Зрители, хоть убей, не ощущали ни малейшего стариковского влияния. А девушка? Глаза закрылись, голова опустилась, тело качнулось вперед. В самом деле заснула?
— Тебя мучит человек?
— Да.
— Это мужчина, твой знакомый? Твой парень?
— Да.
— Ты веришь мне, как себе. Ответь, что у вас случилось?

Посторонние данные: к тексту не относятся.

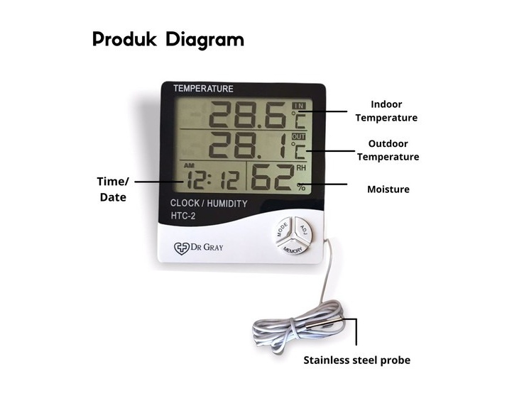 Đồng hồ đo nhiệt độ và độ ẩm HTC-2 là bản nâng cấp của Đồng hồ đo nhiệt độ và độ ẩm HTC-1, HTC-2 sử dụng màn hình LCD lớn hơn có độ chính xác cao giúp hiển thị trực quan, giao diện điều khiển đơn giản dễ sử dụng.

— Я не могу того, что он от меня хочет. А без этого человека тоже не могу…
Услышав последнюю реплику, мужчина скептически повел бровями. Женщина просто увлеклась процессом, забыв обо всем. А старик погладил девушку по руке, потом взялся повыше ее запястья и продолжал доверительно:
— Все правильно, дочка, все правильно. Ты уже сама все решила и решила верно. Уехала от него и жди, слушай себя. Не выдержишь, вернешься — значит, судьба, и все обязательно само собой сложится. А не вернешься к нему, то он тебе и не нужен. Запомни и себя не мучь. А остальной разговор наш забудь. Глубокий вдох. Раз, два, три, проснись!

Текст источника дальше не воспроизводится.